I'm sorry for your autism.

Damn it, it's true! I can't find a single flaw!

That's fine, but you know that's observably untrue since everyone and their mother calls 4e the not-D&D D&D. Ask anyone their opinions on D&D and most people skip 4e entirely. It actually funded another company's games. You're clearly an outlier here.

Insults would hurt my feelings in real life or a normal game of D&D, but this is a 4e thread so they actually just increase my spell attack rolls. Thanks, buddy.

>That's fine, but you know that's observably untrue since everyone and their mother calls 4e the not-D&D D&D
Where? I've seen people claim this happens a lot way more than it actually happens. Actually, I don't think I've ever seen this outside of false flag shitposting.

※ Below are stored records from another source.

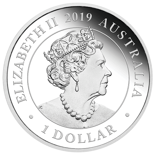 - Obverse: Displays the 6th generation effigy of Queen Elizabeth II to be displayed on Australian coins. The new portrait is based on that designed by Jody Clark of the Royal Mint for 2016. It is distinctively different, however, in that it displays the Queen’s shoulders and full neckline. The band at the rim includes the inscriptions, “ELIZABETH II 2019 AUSTRALIA” at the top, and “1 DOLLAR” at the bottom.
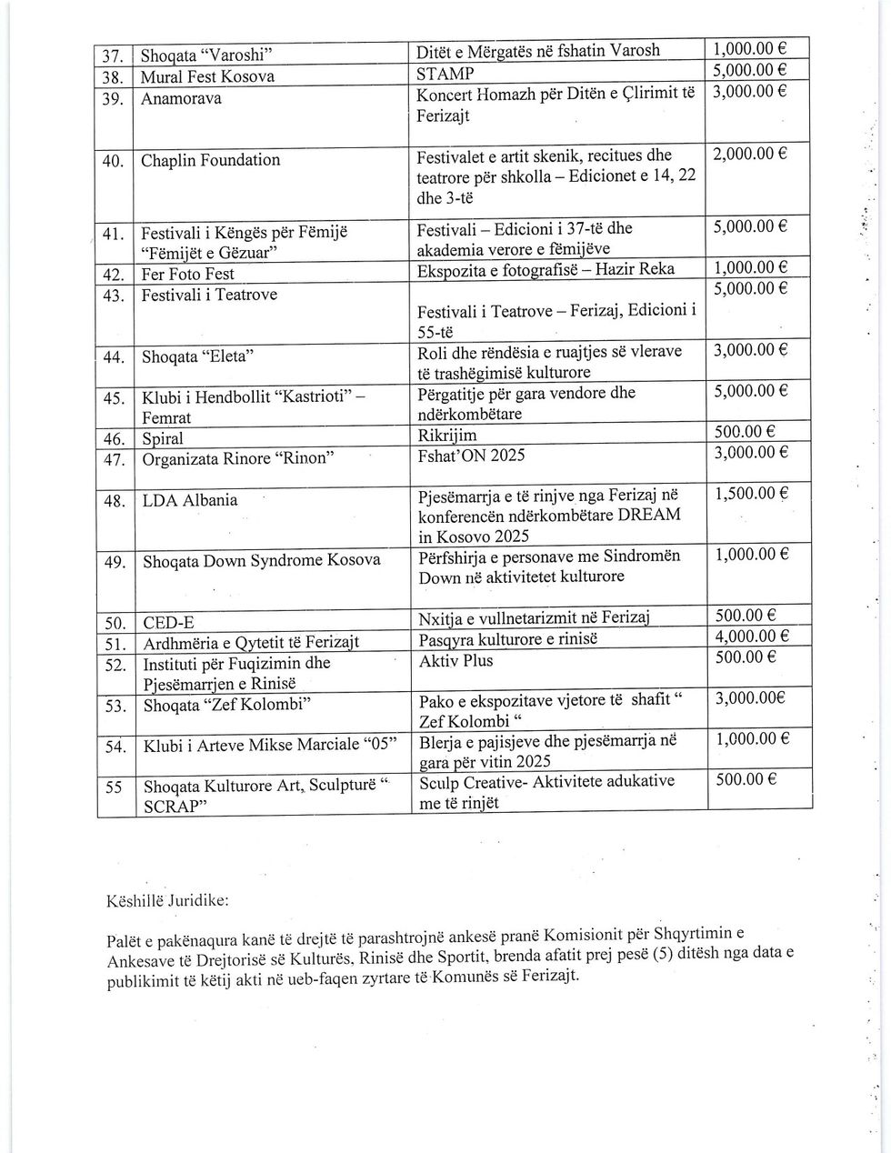 “Palët e pakënaqura kanë të drejtë të parashtrojnë ankesë pranë komisionit për shqyrtimin e ankesave në drejtorinë e Kulturës, Rinisë dhe Sportit, brenda afatit prej pesë ditësh nga publikimi i listave”, thuhet në njoftim./Telegrafi/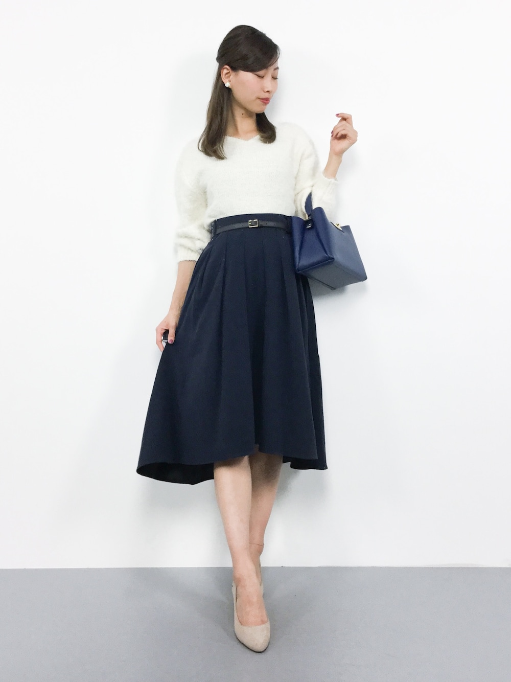 カジュアルガーリーコーデ◎ もちもちした生地のニットは柔らかく 着心地ばっちり(^_^)☆ 柔らかな生地のフレアスカートは歩くたびに裾が 揺れてとっても可愛らしくフェミニン♪

>Insults would hurt my feelings in real life or a normal game of D&D, but this is a 4e thread so they actually just increase my spell attack rolls.
Actually, I'm a Bard, so my insults are literally psychic attack cantrips.

It's not an MMO

It does require heavy tactical grid based miniature combat to play however. You can play theatre of the mind combats in 4E but they're very difficult to adjudicate due to all the minor abilities that shift things one square etc as well as the various aoe spells. And in either respect those combats are going to take an incredibly long time due to everyone having bloated hit points and player characters being nigh impossible to really kill. The game also expects you to have at least 5 combats in a row to challenge the group what so ever.

Hence while 4E isn't a 'mmo' it is basically designed as a tactical combat simulator and any 'roleplay' elements are just filler in-between the fights.

You can certainly play it and not have many or any combats but then you'd be ignoring the only developed part of the system at which point why are you playing 4E again?

All the people who played Pathfinder instead. All the Internet DMs, like Mercer and WebDM. There are no other people that we would both know.

I've never seen why people think a good combat system somehow detracts from roleplay. Why does having enjoyable combats stop you doing the same stuff you'd do in another game? It makes no sense to me, and my experience of 4e campaigns has been no more combat heavy than any other flavour of D&D.

The out of combat structures and guidelines are solid. They do what they need to, some need a bit of tweaking, but overall they give the GM the tools they need to govern that kind of stuff. You don't need super in depth rules for out of combat, you can RP it just fine.

>And in either respect those combats are going to take an incredibly long time due to everyone having bloated hit points and player characters being nigh impossible to really kill.

The math fixes solved this years ago.

>Lastly, and this is a big thing for me, if you summon a giant flood of water, what should it do? To me, ttrpg logic would say it washes people away. That's what it does in real life, it's what it does in 5e, too. In 4e? It heals your allies. Where else does shit like that happen? Video games. It's really hard to get immersed in a world when nothing behaves the way you expect it to and you end up not chanting up a burst of water from a distant plane to push your enemies off a bridge, but instead you pick up a card and say, "I use this, everyone gets some Hit Points back. What is it? I dunno." Hey, why a flood? Why not a giant meteor that heals people? Or raining steam rollers that heal people? Why not?
Link the power in question? Doesn't sound familiar.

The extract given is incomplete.